### Assignment
Look below for the line containing "Кондиционер-ополаскиватель для белья"; from there through the line containing "Женский комплект 2-х", both lines included, please set down each line exactly and nothing else.

### Data for this exercise
* * * * *

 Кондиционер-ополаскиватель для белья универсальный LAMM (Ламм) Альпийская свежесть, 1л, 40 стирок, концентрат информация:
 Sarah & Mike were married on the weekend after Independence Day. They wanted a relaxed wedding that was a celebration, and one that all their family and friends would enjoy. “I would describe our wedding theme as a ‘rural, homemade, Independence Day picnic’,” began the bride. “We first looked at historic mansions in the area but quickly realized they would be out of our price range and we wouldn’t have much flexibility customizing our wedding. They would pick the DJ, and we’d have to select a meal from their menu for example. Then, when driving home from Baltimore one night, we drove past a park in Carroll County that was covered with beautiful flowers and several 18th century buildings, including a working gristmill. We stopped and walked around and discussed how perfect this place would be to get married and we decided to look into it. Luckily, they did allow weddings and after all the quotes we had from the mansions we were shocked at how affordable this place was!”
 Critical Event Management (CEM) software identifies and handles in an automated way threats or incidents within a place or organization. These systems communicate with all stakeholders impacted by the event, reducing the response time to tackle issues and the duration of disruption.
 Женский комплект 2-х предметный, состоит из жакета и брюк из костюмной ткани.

* * * * *

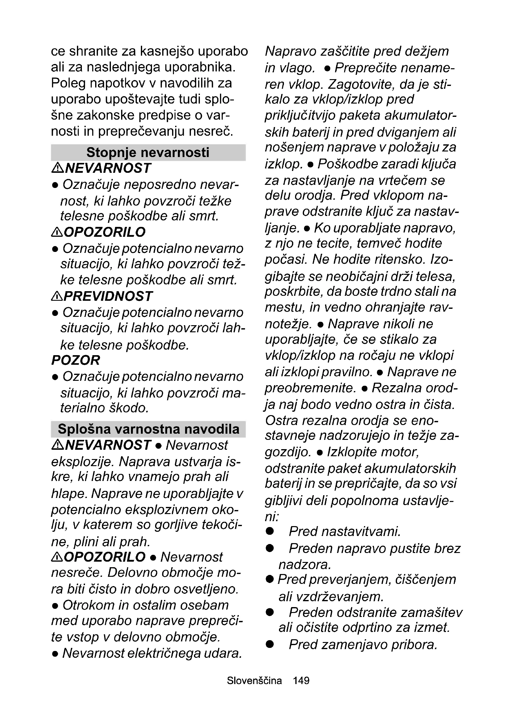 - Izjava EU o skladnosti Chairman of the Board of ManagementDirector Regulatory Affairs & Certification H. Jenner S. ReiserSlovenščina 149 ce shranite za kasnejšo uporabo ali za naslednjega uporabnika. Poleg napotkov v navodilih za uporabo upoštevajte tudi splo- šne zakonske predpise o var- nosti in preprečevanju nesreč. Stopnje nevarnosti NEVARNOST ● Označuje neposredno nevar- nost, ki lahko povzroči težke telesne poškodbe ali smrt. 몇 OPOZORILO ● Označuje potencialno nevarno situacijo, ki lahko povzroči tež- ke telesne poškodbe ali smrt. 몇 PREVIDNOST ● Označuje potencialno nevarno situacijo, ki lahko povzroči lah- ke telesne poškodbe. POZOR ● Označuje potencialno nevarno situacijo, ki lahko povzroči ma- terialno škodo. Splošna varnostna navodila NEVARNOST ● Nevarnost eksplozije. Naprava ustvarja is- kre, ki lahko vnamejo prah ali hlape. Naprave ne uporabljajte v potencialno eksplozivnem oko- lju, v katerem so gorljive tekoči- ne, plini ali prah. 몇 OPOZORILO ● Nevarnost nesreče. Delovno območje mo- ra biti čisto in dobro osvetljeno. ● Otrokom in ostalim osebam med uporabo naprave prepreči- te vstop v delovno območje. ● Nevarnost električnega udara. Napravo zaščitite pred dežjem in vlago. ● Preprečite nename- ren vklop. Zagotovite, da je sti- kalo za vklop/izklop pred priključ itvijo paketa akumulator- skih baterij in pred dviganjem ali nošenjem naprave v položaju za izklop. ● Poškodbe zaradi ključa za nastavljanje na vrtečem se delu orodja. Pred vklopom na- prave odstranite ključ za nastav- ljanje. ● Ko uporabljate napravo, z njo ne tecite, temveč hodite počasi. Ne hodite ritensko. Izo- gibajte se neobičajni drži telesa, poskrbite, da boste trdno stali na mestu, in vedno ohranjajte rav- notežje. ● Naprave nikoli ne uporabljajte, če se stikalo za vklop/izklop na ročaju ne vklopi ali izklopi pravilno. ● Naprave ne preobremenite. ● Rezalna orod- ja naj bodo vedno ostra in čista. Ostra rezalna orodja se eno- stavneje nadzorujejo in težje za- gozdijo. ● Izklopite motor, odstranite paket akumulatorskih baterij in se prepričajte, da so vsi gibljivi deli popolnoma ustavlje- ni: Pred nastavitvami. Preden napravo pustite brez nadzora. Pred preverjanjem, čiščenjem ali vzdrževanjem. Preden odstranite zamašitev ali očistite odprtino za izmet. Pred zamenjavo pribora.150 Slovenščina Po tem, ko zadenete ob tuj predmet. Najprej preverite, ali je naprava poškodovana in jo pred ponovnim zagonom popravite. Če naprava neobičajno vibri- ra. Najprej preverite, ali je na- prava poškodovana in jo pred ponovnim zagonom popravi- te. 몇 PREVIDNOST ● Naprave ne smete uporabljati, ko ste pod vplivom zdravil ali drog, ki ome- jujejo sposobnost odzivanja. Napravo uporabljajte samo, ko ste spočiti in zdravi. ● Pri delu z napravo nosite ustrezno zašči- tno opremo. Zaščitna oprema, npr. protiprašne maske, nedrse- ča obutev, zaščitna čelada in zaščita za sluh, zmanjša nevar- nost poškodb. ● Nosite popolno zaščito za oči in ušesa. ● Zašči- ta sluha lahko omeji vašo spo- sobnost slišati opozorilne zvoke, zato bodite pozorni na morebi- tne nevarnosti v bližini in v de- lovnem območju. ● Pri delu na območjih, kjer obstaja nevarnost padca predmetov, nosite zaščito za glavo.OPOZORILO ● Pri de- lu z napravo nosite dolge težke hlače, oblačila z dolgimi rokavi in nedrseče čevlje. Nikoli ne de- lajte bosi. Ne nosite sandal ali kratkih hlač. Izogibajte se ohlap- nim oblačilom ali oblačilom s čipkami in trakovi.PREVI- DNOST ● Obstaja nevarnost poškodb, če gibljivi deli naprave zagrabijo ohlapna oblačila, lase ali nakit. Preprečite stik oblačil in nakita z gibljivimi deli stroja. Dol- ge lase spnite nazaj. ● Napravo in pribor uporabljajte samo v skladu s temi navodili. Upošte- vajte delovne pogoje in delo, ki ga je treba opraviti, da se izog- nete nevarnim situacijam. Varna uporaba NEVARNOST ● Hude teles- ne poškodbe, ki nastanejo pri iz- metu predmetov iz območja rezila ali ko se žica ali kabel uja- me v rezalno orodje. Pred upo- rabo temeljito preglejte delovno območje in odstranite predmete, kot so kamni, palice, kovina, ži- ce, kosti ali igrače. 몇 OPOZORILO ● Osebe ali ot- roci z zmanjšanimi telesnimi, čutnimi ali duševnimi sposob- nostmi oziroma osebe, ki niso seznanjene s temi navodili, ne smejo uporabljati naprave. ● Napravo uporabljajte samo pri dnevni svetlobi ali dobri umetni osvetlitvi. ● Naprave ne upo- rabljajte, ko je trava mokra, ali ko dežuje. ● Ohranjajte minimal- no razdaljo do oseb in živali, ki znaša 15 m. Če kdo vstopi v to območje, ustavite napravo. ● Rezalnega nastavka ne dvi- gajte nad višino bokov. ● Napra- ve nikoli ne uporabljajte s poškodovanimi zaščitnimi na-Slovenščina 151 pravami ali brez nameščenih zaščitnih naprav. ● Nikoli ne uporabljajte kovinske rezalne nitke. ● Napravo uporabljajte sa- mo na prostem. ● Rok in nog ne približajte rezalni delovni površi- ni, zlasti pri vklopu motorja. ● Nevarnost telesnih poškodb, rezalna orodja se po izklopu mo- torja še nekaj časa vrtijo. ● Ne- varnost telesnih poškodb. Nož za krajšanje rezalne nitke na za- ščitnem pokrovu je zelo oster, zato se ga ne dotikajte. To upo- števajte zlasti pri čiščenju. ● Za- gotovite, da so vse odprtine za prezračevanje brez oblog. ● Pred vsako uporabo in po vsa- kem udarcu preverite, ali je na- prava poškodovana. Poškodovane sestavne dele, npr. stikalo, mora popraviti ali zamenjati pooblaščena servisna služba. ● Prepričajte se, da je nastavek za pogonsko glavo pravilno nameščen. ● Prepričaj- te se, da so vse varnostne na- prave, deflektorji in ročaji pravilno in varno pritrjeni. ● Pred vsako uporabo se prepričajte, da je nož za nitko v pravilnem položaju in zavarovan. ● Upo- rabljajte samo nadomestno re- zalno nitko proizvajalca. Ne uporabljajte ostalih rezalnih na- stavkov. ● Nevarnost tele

* * * * *

### Exercise response
 Кондиционер-ополаскиватель для белья универсальный LAMM (Ламм) Альпийская свежесть, 1л, 40 стирок, концентрат информация:
 Sarah & Mike were married on the weekend after Independence Day. They wanted a relaxed wedding that was a celebration, and one that all their family and friends would enjoy. “I would describe our wedding theme as a ‘rural, homemade, Independence Day picnic’,” began the bride. “We first looked at historic mansions in the area but quickly realized they would be out of our price range and we wouldn’t have much flexibility customizing our wedding. They would pick the DJ, and we’d have to select a meal from their menu for example. Then, when driving home from Baltimore one night, we drove past a park in Carroll County that was covered with beautiful flowers and several 18th century buildings, including a working gristmill. We stopped and walked around and discussed how perfect this place would be to get married and we decided to look into it. Luckily, they did allow weddings and after all the quotes we had from the mansions we were shocked at how affordable this place was!”
 Critical Event Management (CEM) software identifies and handles in an automated way threats or incidents within a place or organization. These systems communicate with all stakeholders impacted by the event, reducing the response time to tackle issues and the duration of disruption.
 Женский комплект 2-х предметный, состоит из жакета и брюк из костюмной ткани.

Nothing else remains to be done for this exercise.